O que tem a religião a ver com a escola pública?

| 15 Mai 19

Os ateus diriam que nada, os crentes que sim senhor, e por isso vão tentando ganhar espaço nela, mas muitos estranham a ideia, apesar de qualquer religião poder já hoje lá estar presente.

 

Durante muitos anos as escolas públicas ostentavam na parede, junto ao quadro negro, um crucifixo mesmo ao lado da fotografia de António Salazar, nos tempos em que o país se assumia oficialmente como católico (tal como o presidente do Conselho) “a bem da nação”. Nessa época, para se ser bom português, não se podia ter outra identidade religiosa que não o catolicismo romano. Felizmente que a Constituição do Portugal democrático (1976) impôs o Estado laico, que é a única forma de garantir o princípio da liberdade religiosa a todos, crentes e não crentes.

Em vez de perguntarmos que ligação poderá existir entre religião e escola pública, comecemos primeiro por definir para que serve a escola. Diríamos que serve para preparar as crianças e adolescentes para a vida, sem esquecer as responsabilidades parentais na matéria, que são incontornáveis. Se é assim, então por que razão os alunos não saem da escolaridade obrigatória com o exame do Código da Estrada feito? É que, se não vierem a conduzir viaturas ou motociclos, serão sempre peões. Porque se hão-de ver obrigados depois a ir pagar a privados para o fazer? Por que razão a escola não confere uma certificação de primeiros socorros ou de suporte básico de vida? E por que não hão-de aprender noções práticas de economia? Ou de sensibilização para as artes? Será que o aprofundamento de determinadas matérias teóricas é mais importante do que isto?

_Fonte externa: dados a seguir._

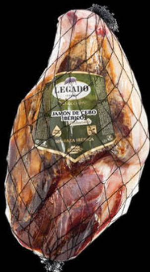
0113 Jamón Cebo Ibérico Deshuesado N/U • UDS./CAJA 1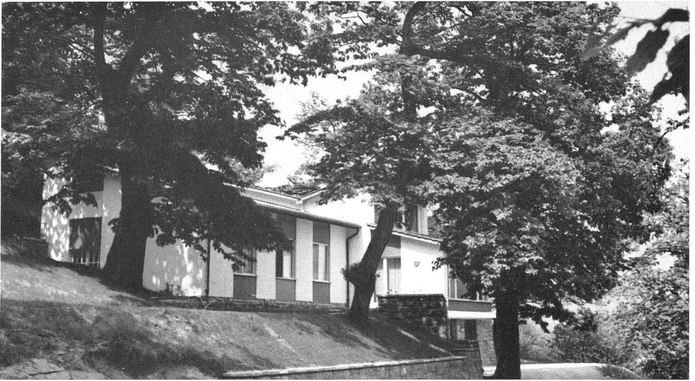
Gesamtansicht von Süden | Vue prise du sud | General view from the south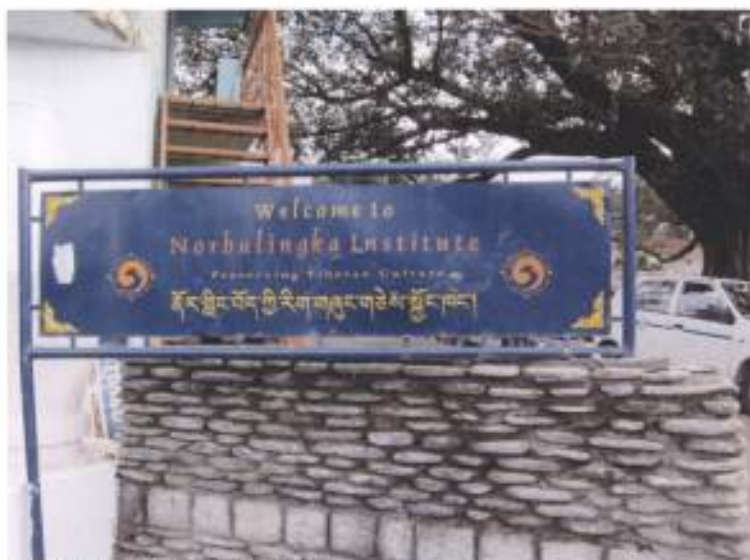
15.諾布林卡藝術研究中心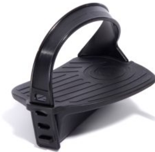
Pedales con fijación triciclo Momo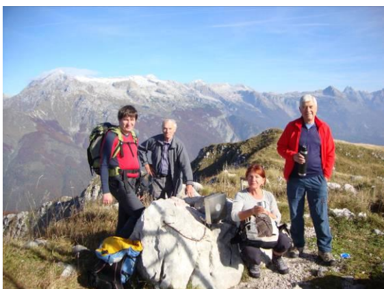
Kobariški Stol, 1673 m.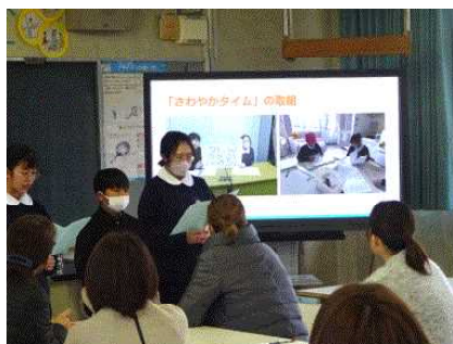
<保健委員会の発表>

お集まり頂いた保護者の皆様に対して、保健委員会の児童より校内での保健活動を報告したり、養護教諭より児童の保健室利用状況等について報告したりしました。今後も健康に気をつけながら安心安全に学校生活を送れるよう、学校保健活動を継続していきたいと思っております。校医の内田先生、ご助言有り難うございました。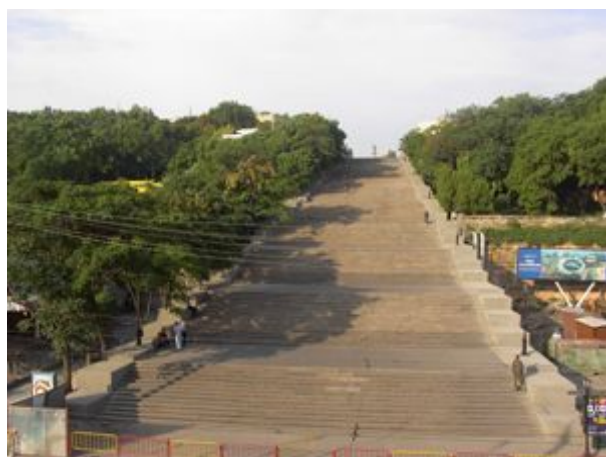
schody kniežaťa Potemkina v Odesa

A tiež sa objavujú žobravé špinavé cigánske deti a tiež tu dostať skvelé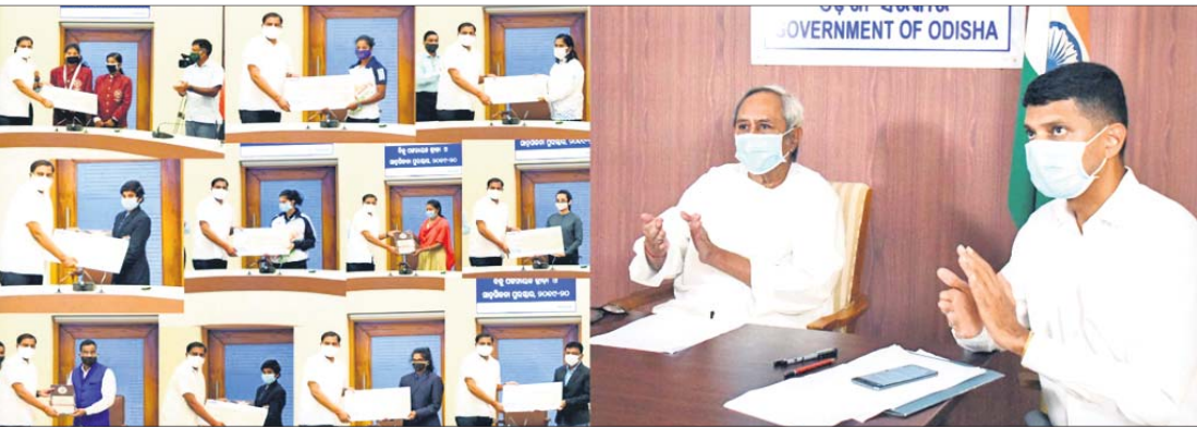
ପୁଞ୍ଜ୍ୟମନ୍ତ୍ରୀ ନବୀନ ପଟ୍ଟନାୟକ, ପୁଞ୍ଜ୍ୟମନ୍ତ୍ରୀଙ୍କ ସଚିବ (୫-ଟି) ଭି.କେ. ପାଞ୍ଜିଆନଙ୍କ ଉପସ୍ଥିତିରେ କ୍ରୀଡ଼ାମନ୍ତ୍ରୀ ରୁଷାରକାନ୍ତି ବେହେରା ପୁରସ୍କାର ପ୍ରଦାନ କରୁଛନ୍ତି।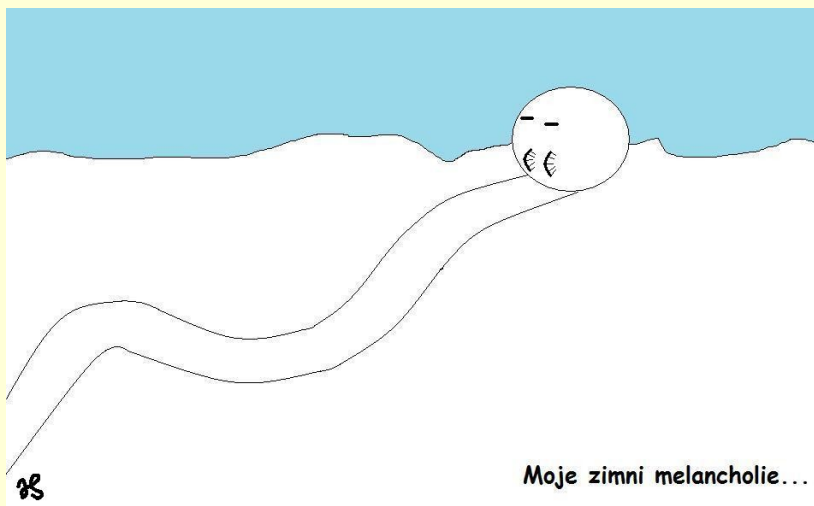
Moje zimní melancholie...

„Především vy, váš skvělý tým... a mám možnost poznat nové lidi, získat nové zkušenosti a zážitky.“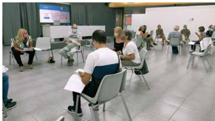
▲ La sessió de debat es va dur a terme a la Sala Joan Comellas. ALÍCIA TARODO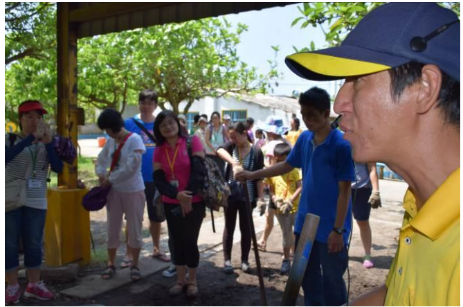
9/5 向日葵古窯風味餐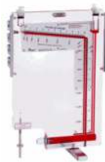
Manômetros Coluna Inclinada Portáteis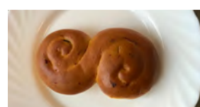
Pressbyrån 19 kr

Julen har anlänt med all dess mat och bakverk. Lussebullen, en favorit hos många, finns att köpa i nästan varje matbutik, kiosk och café. De kommer i flera olika former, smaker och utseenden. iFokus-redaktionen satte sig ner för att testa både lyx- och budgetbullar. Men vilken är egentligen bästa lussebulle i Jakobsberg?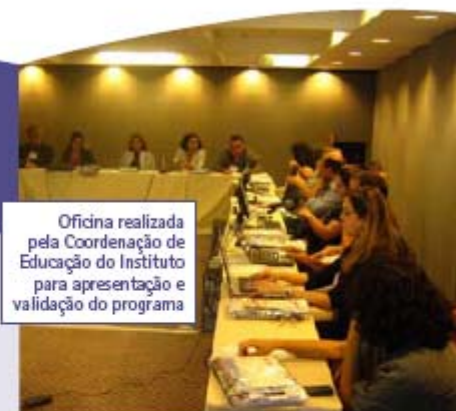
Oficina realizada pela Coordenação de Educação do Instituto para apresentação e validação do programa

A Divisão de Apoio à Rede de Atenção Oncológica, em parceria

Se a escola pretende de facto preparar os alunos para a vida poderia igualmente substituir as aulas de religião e moral das confissões religiosas por uma disciplina de Introdução às Religiões e Espiritualidades, que fizesse a abordagem ao fenómeno religioso, sem esquecer as perspectivas agnóstica e ateia. Se, por um lado, as confissões religiosas não precisam da escola pública para catequizarem as camadas mais jovens dos seus fiéis, por outro lado não é suposto que a escola pública se converta num campo de recrutamento proselitista. Num mundo cada vez mais globalizado e numa sociedade tendencialmente mais complexa do ponto de vista religioso como é a portuguesa (segundo comprovam os últimos estudos científicos conhecidos), a responsabilidade do ensino público é preparar os alunos para a vida real e os desafios da contemporaneidade. A cidadania também passa por aqui.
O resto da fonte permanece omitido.